= Estonian name =

In Estonia, a person must have a surname and one or more given names. One or two given names are common, whereas the legally permitted maximum number (three) given names is nowadays very rarely used. Surname is inherited from one of the parents, and given names must be chosen by the parents at birth. The calling name, by which the person is normally identified in conversation, is one of the given names, typically the first. For example, the former president Lennart Georg Meri was usually called Lennart, and became widely known as Lennart Meri.

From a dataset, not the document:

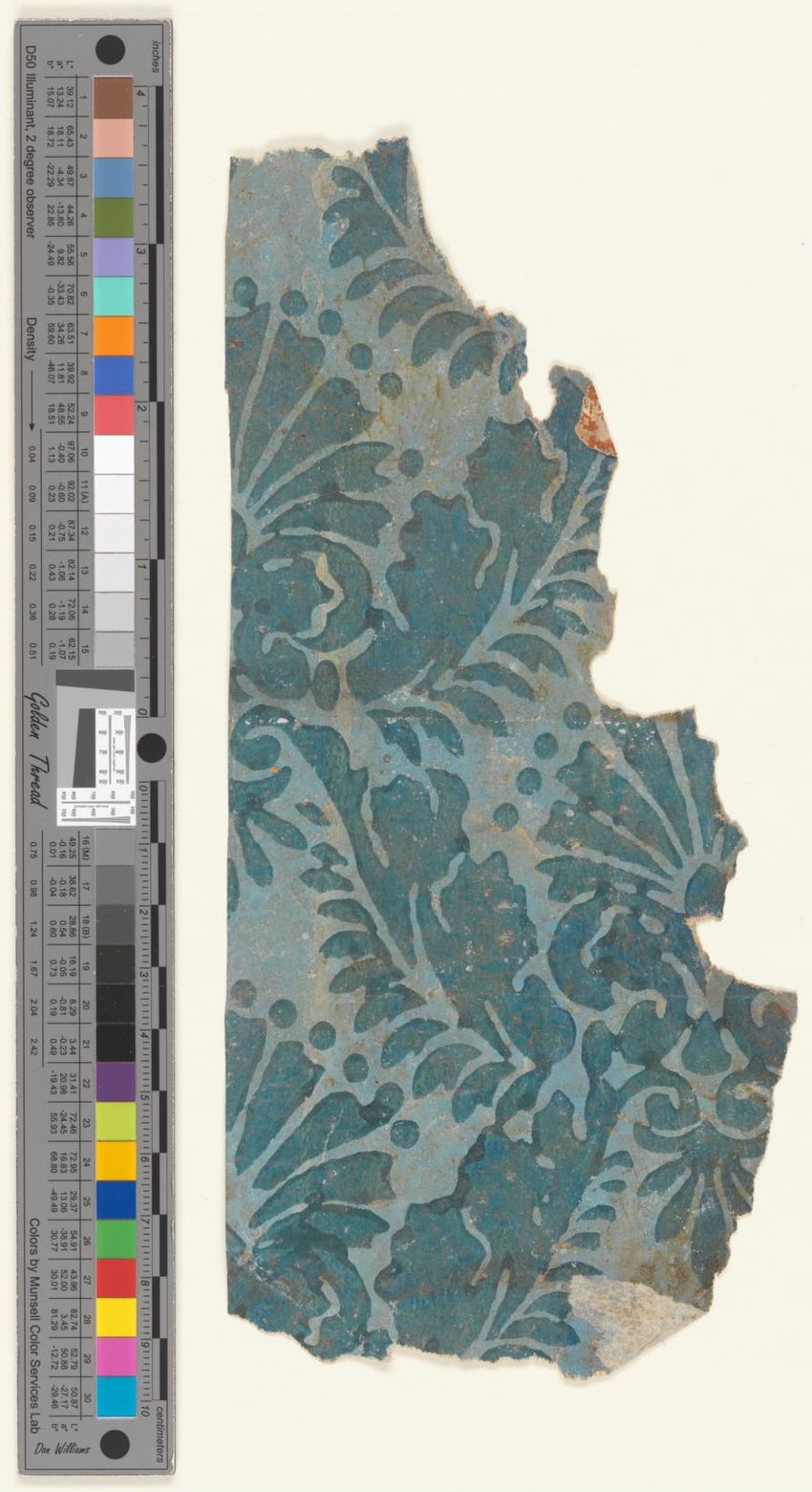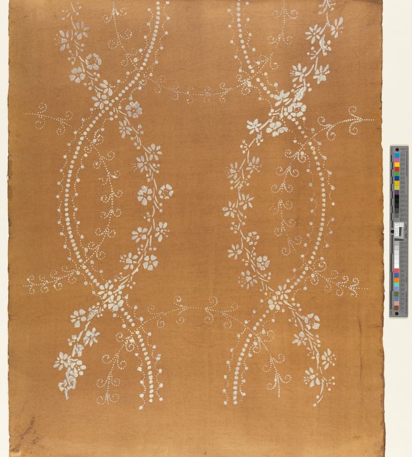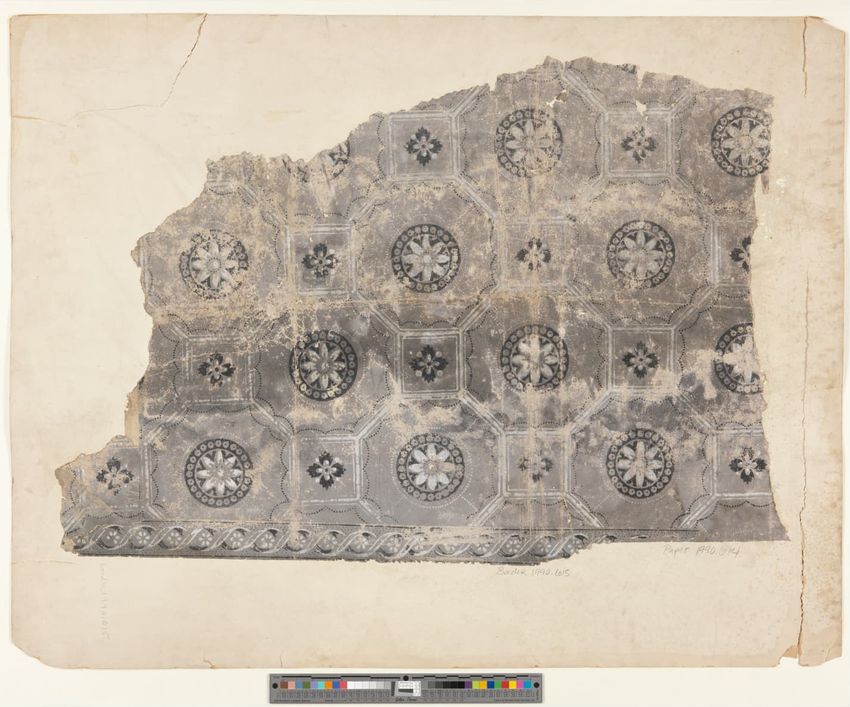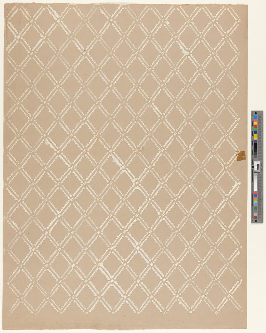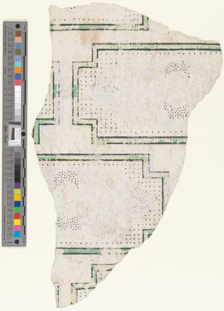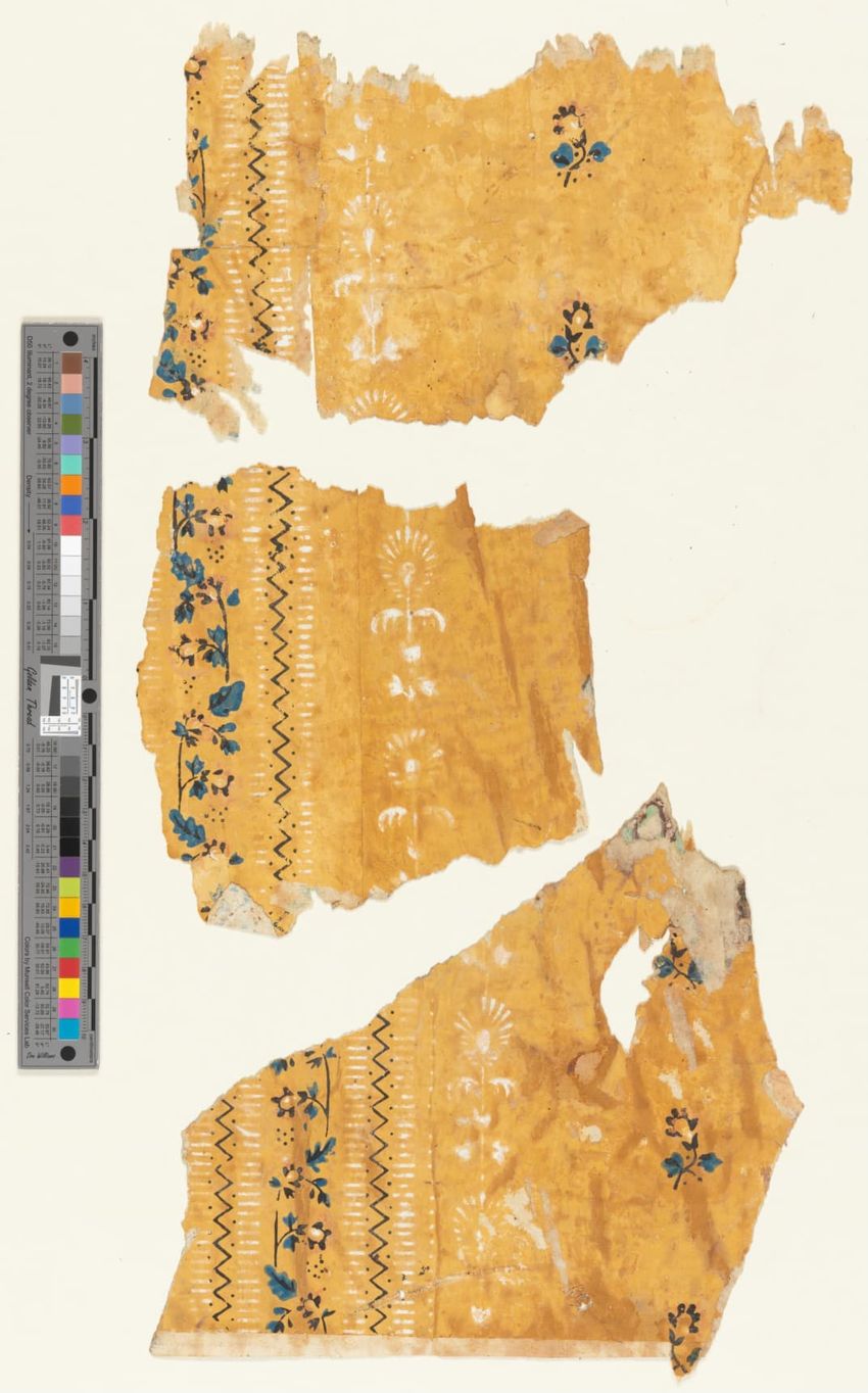 Two fragments. In the style of Charles Rennie MacIntosh, very stylized roses, rosebuds, leaves and stems. Superimposed on allover, horizontal dash pattern and vertical long dash pattern consisting of groups of three. Red, two greens, white and black on yellow-brown ground.

There is no patronymic part and multiple given names are used rarely. During the Soviet occupation, the official names of Estonians followed the East Slavic naming customs of "given name"/"patronymic"/"family name", (Note: For example, Estonian writer Oskar Luts was officially written in Russian "Оскар Хиндрикович Лутс", Oskar Khindrikhovich Luts, i.e., Oskar, son of Hindrick, Luts.) but this custom was abandoned in the post-Soviet Estonia.

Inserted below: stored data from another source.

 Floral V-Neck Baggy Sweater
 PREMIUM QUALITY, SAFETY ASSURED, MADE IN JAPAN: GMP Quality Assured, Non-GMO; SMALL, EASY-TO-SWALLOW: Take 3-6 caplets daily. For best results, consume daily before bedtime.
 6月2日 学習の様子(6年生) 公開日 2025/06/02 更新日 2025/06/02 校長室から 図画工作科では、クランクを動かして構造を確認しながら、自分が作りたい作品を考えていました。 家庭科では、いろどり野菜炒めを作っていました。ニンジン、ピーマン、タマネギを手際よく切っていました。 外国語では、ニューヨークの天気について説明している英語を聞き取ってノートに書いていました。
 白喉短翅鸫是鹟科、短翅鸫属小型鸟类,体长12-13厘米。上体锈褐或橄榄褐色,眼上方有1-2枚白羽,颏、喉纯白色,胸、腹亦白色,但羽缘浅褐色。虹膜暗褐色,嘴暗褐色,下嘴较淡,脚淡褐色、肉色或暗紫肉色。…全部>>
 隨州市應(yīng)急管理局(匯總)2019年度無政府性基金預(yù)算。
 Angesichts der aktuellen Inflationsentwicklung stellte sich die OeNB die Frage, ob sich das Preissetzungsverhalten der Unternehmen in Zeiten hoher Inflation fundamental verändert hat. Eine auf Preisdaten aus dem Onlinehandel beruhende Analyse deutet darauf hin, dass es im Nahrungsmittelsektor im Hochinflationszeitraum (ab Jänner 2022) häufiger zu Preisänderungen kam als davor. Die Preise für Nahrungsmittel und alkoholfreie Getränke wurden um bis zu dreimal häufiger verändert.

==Historical personal names==
Prior to 1819 very few Estonians had surnames. For more exact reference, the given name was prepended with a byname, some kind of identifier in possessive case, such as the name of the father, farmstead, birthplace, trade, or profession. (Note: Name examples: "Mardi Juhhan", meaning "Mart's Juhhan"; "Vana-Piigandi mõisa Raudseppa Jaak" literally "blacksmith Jaak of Vana-Piigant farm", 'Janusse Hanso sullane Kawerdi Merk" means "Merk of farmhand Kawert, of Hans, of Janus", meaning Merk is son of farmhand Kawert, grandson of Hans, grand-grandson of Janus.)

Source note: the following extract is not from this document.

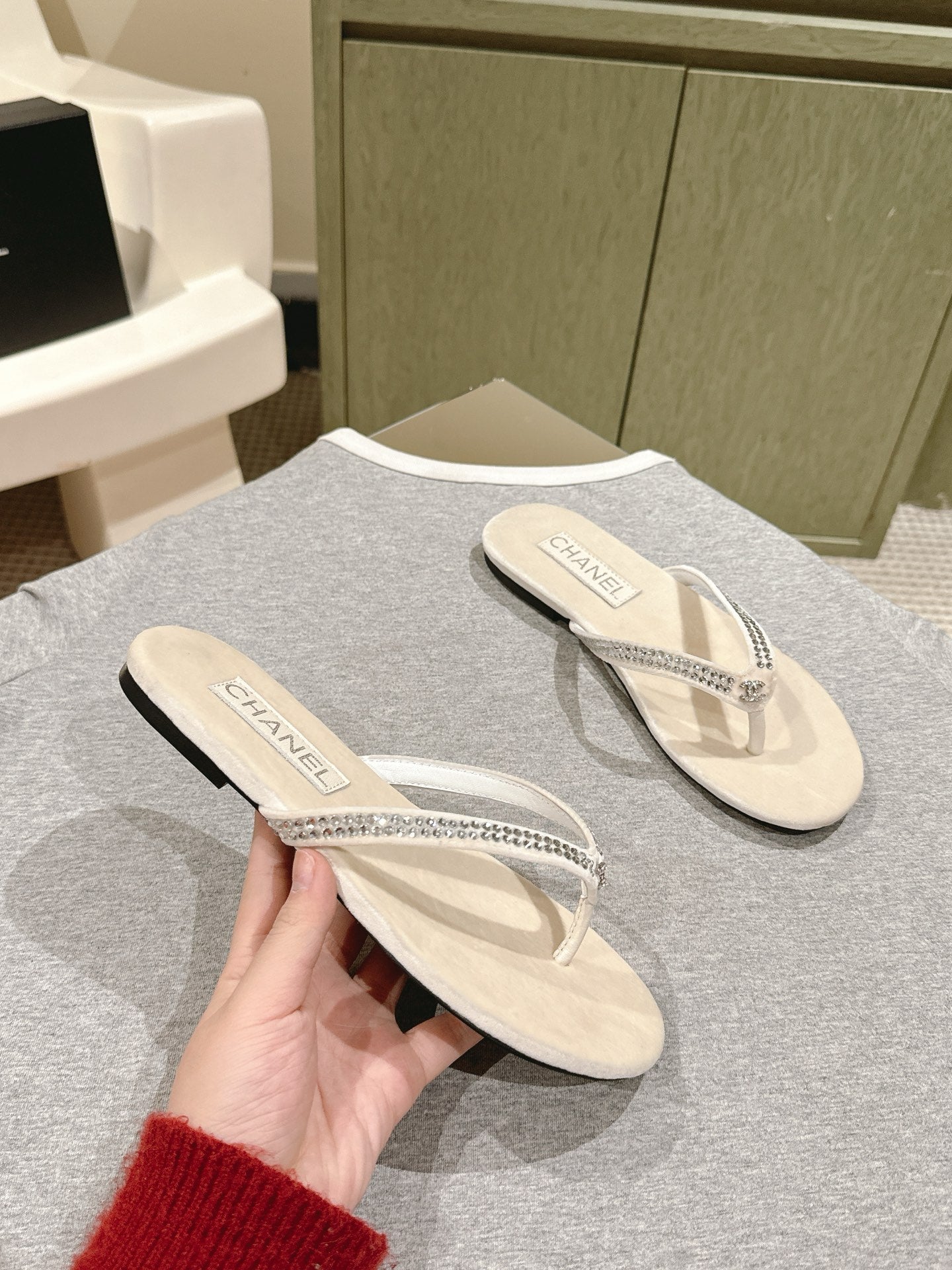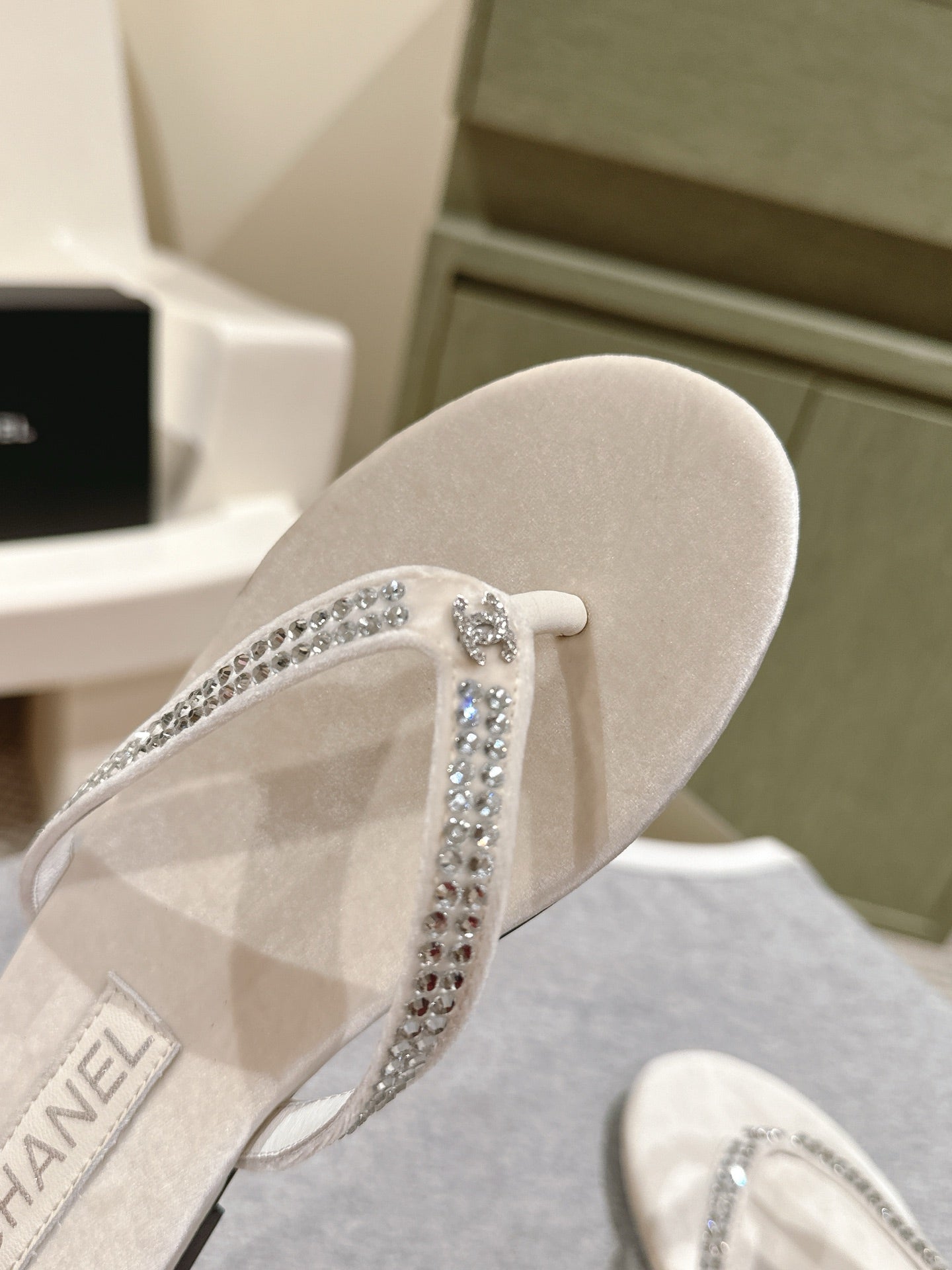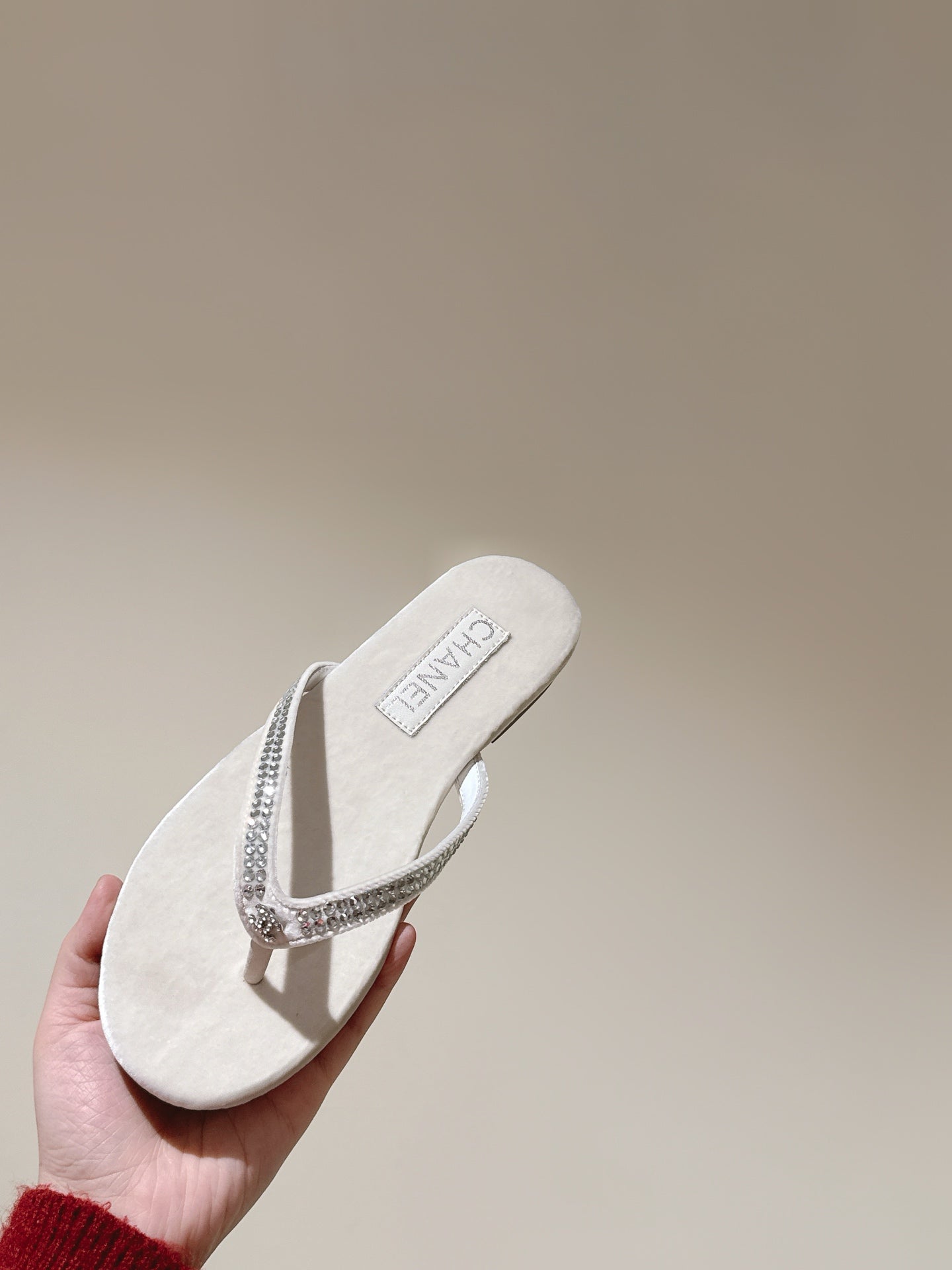 CC 25ss Rhinestone Thong Sandal Beige Velvet 461636

In records written in Latin and Germanic languages typical name patterns include: "placename" + "given name" (rarely "given name"+"placename"), "given name"+ "patronymic"+"placename", "occupational byname" + "given name", or "given name" + "occupational byname". Often the conjunctions "de", 'van", "i" were used before the placenames. A number of variations of recording the patronymics was used, some included the byname of the father. Married women could be recorded with the given name of the father, e.g., in the pattern "«Given name» «Husband's name» wif".

==Given names==
Very little number of native Estonian given names are recorded from pre-Christian times and most of them virtually disappeared from registries after some time after the beginning of the 13th-century Northern Crusades. However the Christian names became dominant only by the end of the 15th century. There was also a tradition to give two names: one Christian and one Pagan, after a grandparent. This reflected a common Eurasian tradition of worshipping the ancestors. In 19th century, with national awakening a limited number of old names were reintroduced, such as Kairo, Himot, Lembit, Meelis, Sulev. The female given names were not preserved, and historians suggested some reconstructions, such as Virve, Aita, Maimu, Leida, Salme, Väike/Vaike etc.

Germanic names were usually adapted to Estonian phonology, e.g., Dietrich could be changed to Tiidrik or Tiidrek.

In modern times there is a great variety of Estonian given names, mixing Finno-Ugric, Germanic, and other traditions and the Registry Office of the Ministry of Interior reports that parents keep being inventive with the given names. In 1995, of 52,000 recorded given names only about 5,500 ones are used six or more times, i.e., the vast majority of them are unique.

Often it is difficult to recognize whether an Estonian given name is male or female, since there is no grammatic distinction, although this distinction does exist in borrowed names, e.g., "Johannes" vs. "Johanna".

Estonian grammar allows the letters c, q, w, x and y only in foreign names.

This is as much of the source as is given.